Conclusion: The relationship between metrics and human perception is highly dataset-specific, not universal. Only the Trust Score showed a weak but significant aggregate correlation ( $r=0.307$ ).

B. Failure of Predictive Modeling

Linear Models: Linear regression consistently failed, yielding strongly negative $R^2$ values (mean $R^2 = -1.253$ ), indicating that linear combinations of metrics cannot explain human rating variance.
Non-Linear Models: While Random Forest (RF) performed best among non-linear models, its predictive power remained low (mean $R^2 \approx 0.067$ ).
The "More is Less" Phenomenon: Increasing the number of metrics in the predictive model did not improve performance. In fact, performance peaked at 3–4 metrics and then degraded as more metrics were added.
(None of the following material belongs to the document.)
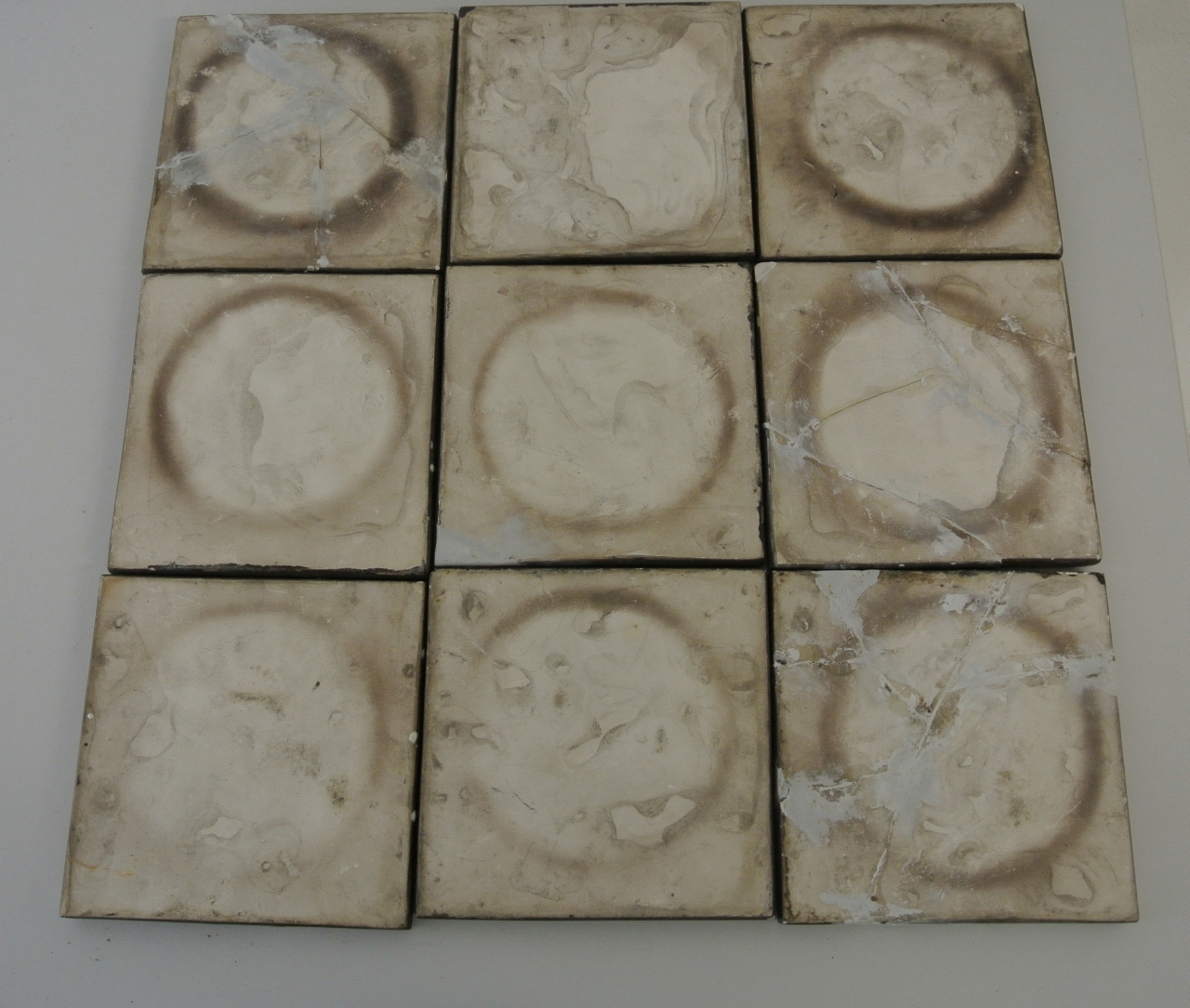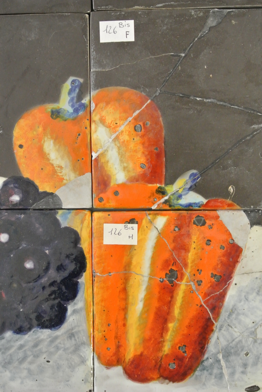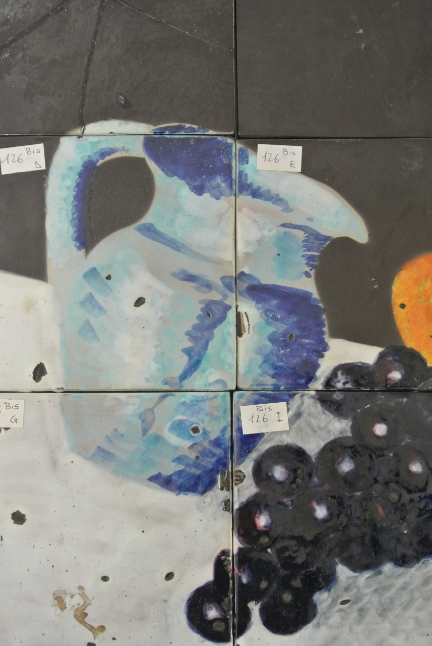 Pannello in ceramica con natura morta formato da nove piastrelle. Su fondo nero si staglia un tavolo bianco con brocca blu e celeste, grappolo d'uva e peperoni rossi

This suggests that current metrics do not provide complementary information regarding human perception; instead, they introduce noise.

5. Significance and Implications

Structural Mismatch: The study provides strong evidence that current automated metrics quantify properties (e.g., mathematical distance, sparsity) that do not align with what humans value (e.g., context, actionability, psychological plausibility).
Critique of Current Practices: Relying on automated metrics as proxies for human evaluation in XAI research is fundamentally flawed. Reporting multiple metrics side-by-side does not solve the problem if the underlying metrics are uncorrelated with human judgment.
Future Direction: The field must move toward human-centered evaluation. Future metrics should be grounded in cognitive science and validated against user perception rather than purely computational objectives.
Limitations: The study is limited to tabular data, a single CF generation method, and lay participants. However, the robustness of the negative findings suggests the misalignment is a structural issue in the field, not just a sample artifact.

In summary, the paper concludes that widely used counterfactual evaluation metrics fail to reflect key aspects of explanation quality as perceived by users, necessitating a paradigm shift in how XAI systems are assessed.